### Listed entries

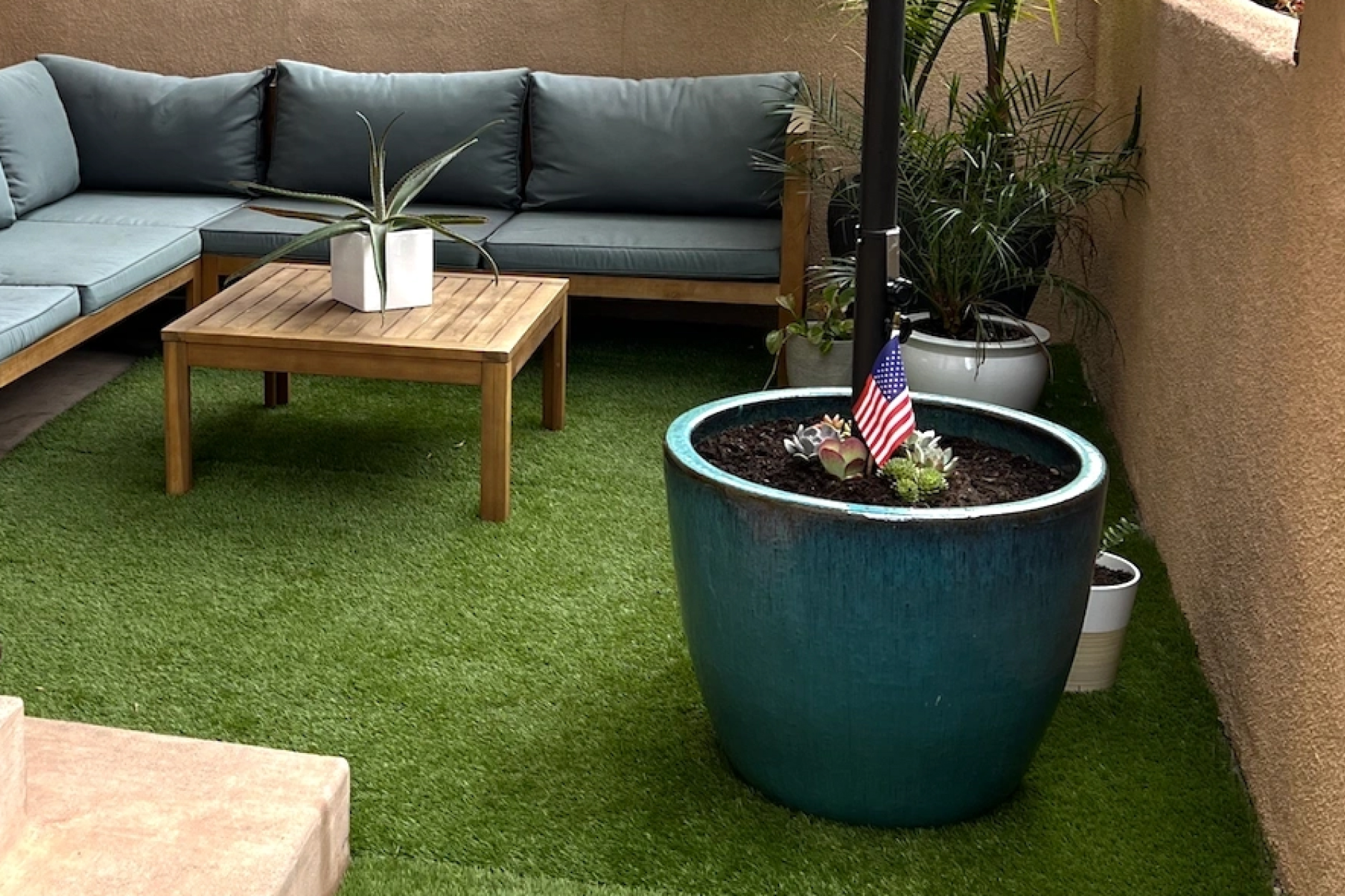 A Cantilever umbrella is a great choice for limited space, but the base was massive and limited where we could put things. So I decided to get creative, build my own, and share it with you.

---

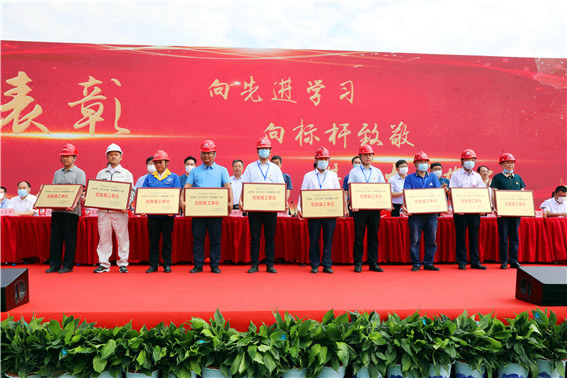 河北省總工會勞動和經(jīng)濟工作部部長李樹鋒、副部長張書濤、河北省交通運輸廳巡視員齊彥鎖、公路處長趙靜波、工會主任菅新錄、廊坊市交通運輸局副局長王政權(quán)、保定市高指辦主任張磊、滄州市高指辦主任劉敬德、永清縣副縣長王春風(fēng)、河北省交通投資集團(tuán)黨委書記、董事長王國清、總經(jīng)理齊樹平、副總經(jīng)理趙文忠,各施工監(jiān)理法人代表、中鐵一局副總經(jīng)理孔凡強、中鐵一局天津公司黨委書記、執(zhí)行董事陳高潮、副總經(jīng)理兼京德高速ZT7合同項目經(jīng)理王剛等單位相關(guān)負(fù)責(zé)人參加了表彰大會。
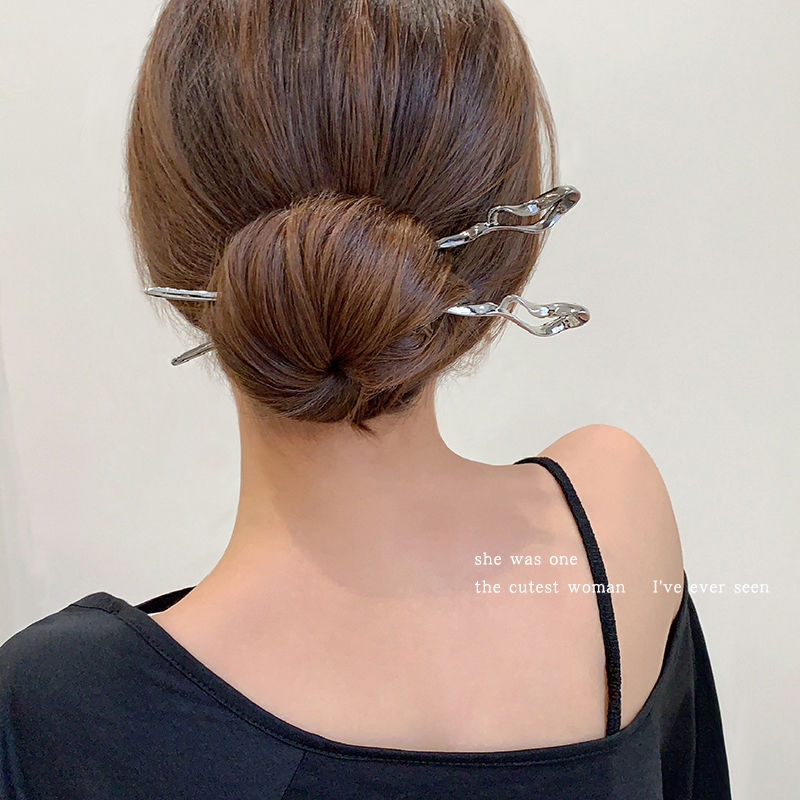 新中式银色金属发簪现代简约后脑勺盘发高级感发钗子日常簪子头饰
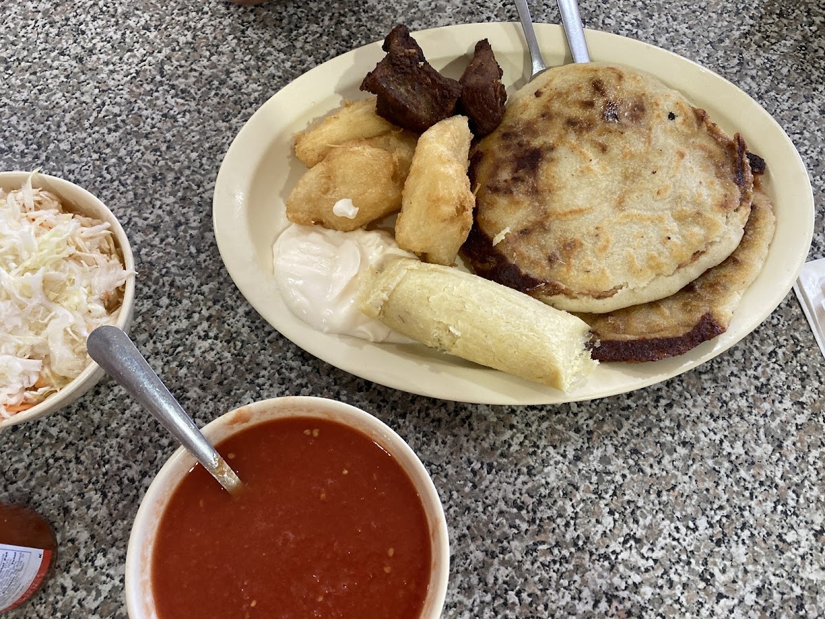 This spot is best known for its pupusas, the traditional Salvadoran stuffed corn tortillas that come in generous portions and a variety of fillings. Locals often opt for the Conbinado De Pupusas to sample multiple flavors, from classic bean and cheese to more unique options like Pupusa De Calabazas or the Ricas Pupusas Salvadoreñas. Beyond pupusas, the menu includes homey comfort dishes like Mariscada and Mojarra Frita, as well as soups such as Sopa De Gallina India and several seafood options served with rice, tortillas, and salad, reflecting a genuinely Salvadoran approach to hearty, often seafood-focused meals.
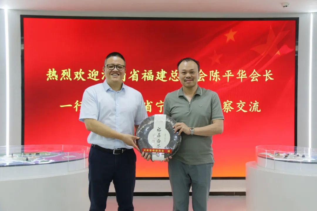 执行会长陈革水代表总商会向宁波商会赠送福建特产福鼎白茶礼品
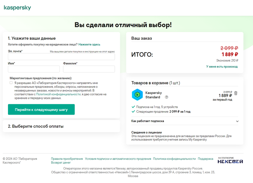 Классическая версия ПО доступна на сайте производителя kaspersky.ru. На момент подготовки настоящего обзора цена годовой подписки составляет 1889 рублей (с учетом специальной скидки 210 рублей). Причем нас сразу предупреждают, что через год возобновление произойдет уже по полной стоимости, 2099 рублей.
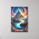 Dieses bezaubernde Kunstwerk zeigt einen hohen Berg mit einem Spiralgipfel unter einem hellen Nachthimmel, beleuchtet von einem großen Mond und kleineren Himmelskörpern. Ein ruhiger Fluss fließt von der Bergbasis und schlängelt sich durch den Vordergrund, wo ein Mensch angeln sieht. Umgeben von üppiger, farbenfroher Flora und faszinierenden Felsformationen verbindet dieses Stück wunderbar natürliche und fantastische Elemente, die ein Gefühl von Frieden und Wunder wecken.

---

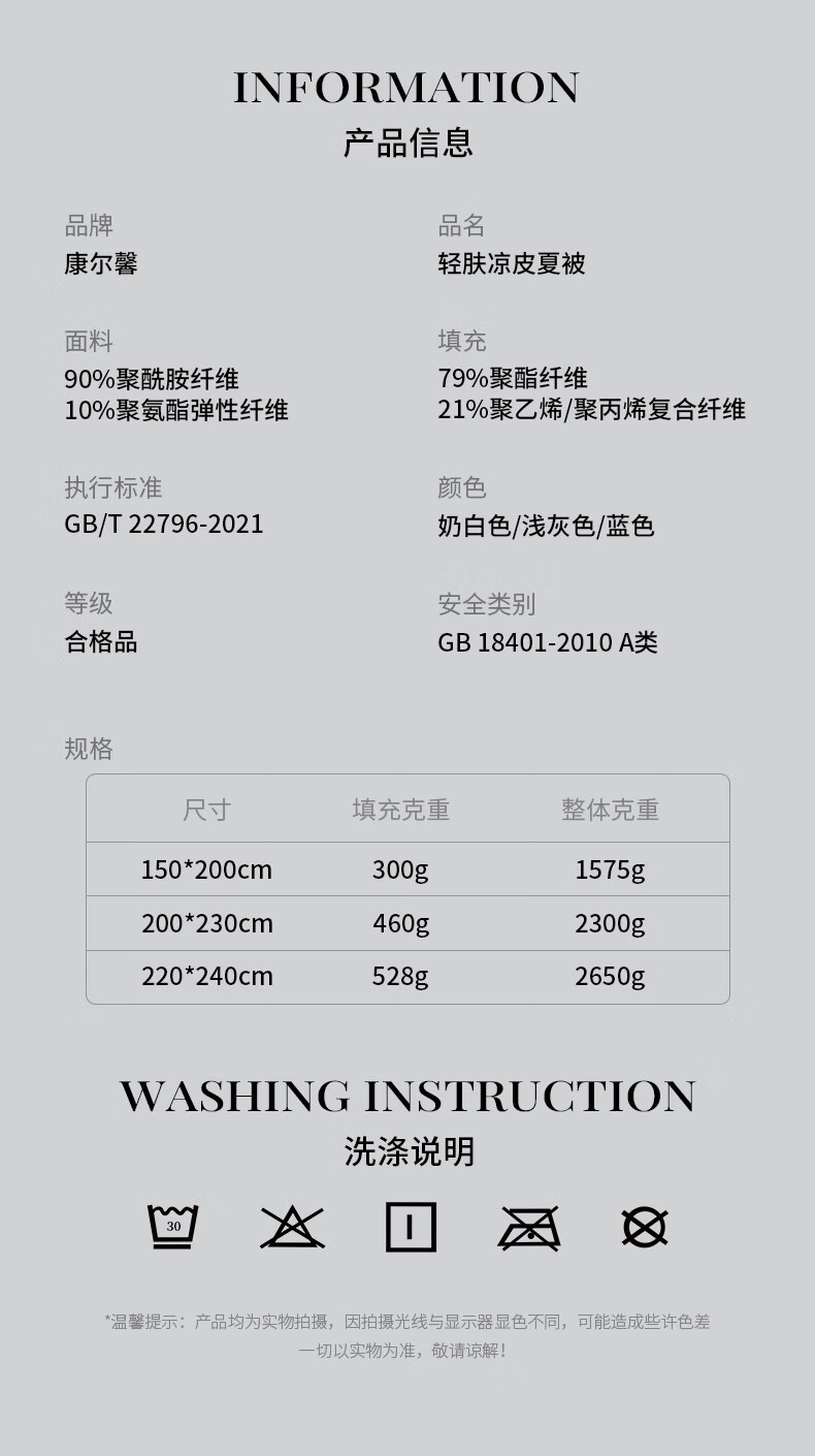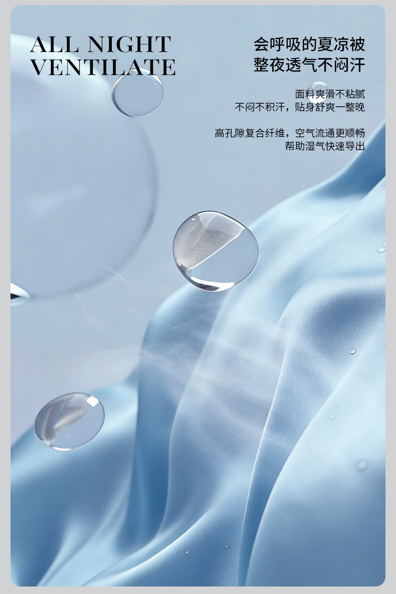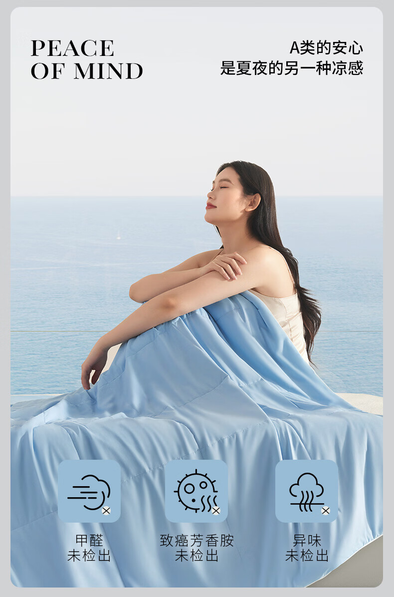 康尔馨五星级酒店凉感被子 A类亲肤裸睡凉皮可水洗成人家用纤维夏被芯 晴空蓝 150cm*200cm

### Task prompt
Word for word, repeat the lines above from the one with "Классическая версия ПО" through the one with "Dieses bezaubernde Kunstwerk", and nothing beyond them. Omit the pictures.

### Task output
 Классическая версия ПО доступна на сайте производителя kaspersky.ru. На момент подготовки настоящего обзора цена годовой подписки составляет 1889 рублей (с учетом специальной скидки 210 рублей). Причем нас сразу предупреждают, что через год возобновление произойдет уже по полной стоимости, 2099 рублей.
 Dieses bezaubernde Kunstwerk zeigt einen hohen Berg mit einem Spiralgipfel unter einem hellen Nachthimmel, beleuchtet von einem großen Mond und kleineren Himmelskörpern. Ein ruhiger Fluss fließt von der Bergbasis und schlängelt sich durch den Vordergrund, wo ein Mensch angeln sieht. Umgeben von üppiger, farbenfroher Flora und faszinierenden Felsformationen verbindet dieses Stück wunderbar natürliche und fantastische Elemente, die ein Gefühl von Frieden und Wunder wecken.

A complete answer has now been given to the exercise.